**Excerpted records**

'''

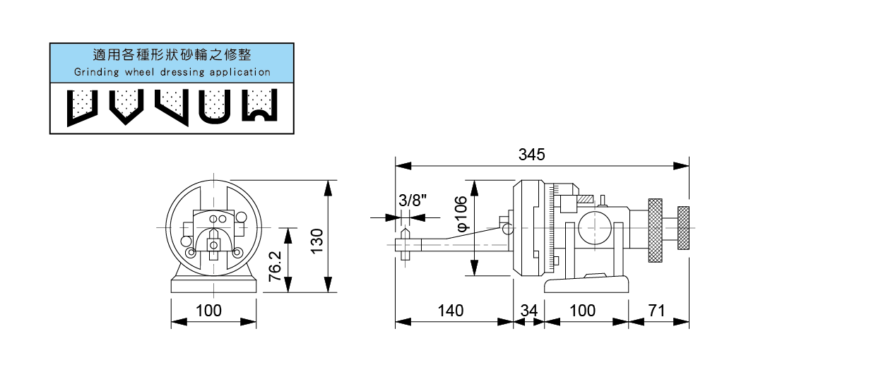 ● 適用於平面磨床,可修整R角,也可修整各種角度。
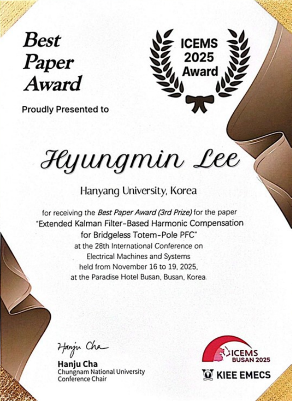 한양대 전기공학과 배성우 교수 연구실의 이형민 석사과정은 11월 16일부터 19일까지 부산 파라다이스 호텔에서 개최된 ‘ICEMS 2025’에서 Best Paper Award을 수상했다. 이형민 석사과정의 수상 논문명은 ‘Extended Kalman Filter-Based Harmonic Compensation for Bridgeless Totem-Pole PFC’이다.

'''
'''

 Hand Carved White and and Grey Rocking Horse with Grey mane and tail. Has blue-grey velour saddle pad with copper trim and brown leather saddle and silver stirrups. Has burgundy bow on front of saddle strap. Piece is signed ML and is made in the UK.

'''
'''

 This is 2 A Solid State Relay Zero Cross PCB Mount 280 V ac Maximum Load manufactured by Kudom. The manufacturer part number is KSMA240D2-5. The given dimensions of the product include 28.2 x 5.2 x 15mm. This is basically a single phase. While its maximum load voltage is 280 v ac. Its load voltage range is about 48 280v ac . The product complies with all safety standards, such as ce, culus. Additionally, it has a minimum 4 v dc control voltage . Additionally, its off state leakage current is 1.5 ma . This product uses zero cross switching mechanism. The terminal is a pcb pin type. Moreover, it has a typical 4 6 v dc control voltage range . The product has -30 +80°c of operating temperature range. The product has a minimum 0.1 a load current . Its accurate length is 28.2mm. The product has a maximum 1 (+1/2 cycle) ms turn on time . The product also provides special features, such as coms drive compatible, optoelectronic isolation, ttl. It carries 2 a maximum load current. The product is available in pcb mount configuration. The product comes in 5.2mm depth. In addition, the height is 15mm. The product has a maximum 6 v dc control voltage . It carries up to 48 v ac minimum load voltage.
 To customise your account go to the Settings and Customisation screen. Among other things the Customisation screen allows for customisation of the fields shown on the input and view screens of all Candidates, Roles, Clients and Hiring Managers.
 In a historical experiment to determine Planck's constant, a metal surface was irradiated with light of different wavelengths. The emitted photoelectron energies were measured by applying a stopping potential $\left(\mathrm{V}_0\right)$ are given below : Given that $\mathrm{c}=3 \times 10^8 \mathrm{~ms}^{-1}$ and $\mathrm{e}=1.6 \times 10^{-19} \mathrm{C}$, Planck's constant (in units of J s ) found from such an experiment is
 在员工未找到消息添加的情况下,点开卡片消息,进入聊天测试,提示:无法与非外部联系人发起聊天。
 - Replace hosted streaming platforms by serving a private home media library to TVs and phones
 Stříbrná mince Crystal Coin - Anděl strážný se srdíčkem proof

'''

Whenever the string "such" occurs in a line of the entries above, copy that line.

**Written solution**
 This is 2 A Solid State Relay Zero Cross PCB Mount 280 V ac Maximum Load manufactured by Kudom. The manufacturer part number is KSMA240D2-5. The given dimensions of the product include 28.2 x 5.2 x 15mm. This is basically a single phase. While its maximum load voltage is 280 v ac. Its load voltage range is about 48 280v ac . The product complies with all safety standards, such as ce, culus. Additionally, it has a minimum 4 v dc control voltage . Additionally, its off state leakage current is 1.5 ma . This product uses zero cross switching mechanism. The terminal is a pcb pin type. Moreover, it has a typical 4 6 v dc control voltage range . The product has -30 +80°c of operating temperature range. The product has a minimum 0.1 a load current . Its accurate length is 28.2mm. The product has a maximum 1 (+1/2 cycle) ms turn on time . The product also provides special features, such as coms drive compatible, optoelectronic isolation, ttl. It carries 2 a maximum load current. The product is available in pcb mount configuration. The product comes in 5.2mm depth. In addition, the height is 15mm. The product has a maximum 6 v dc control voltage . It carries up to 48 v ac minimum load voltage.
 In a historical experiment to determine Planck's constant, a metal surface was irradiated with light of different wavelengths. The emitted photoelectron energies were measured by applying a stopping potential $\left(\mathrm{V}_0\right)$ are given below : Given that $\mathrm{c}=3 \times 10^8 \mathrm{~ms}^{-1}$ and $\mathrm{e}=1.6 \times 10^{-19} \mathrm{C}$, Planck's constant (in units of J s ) found from such an experiment is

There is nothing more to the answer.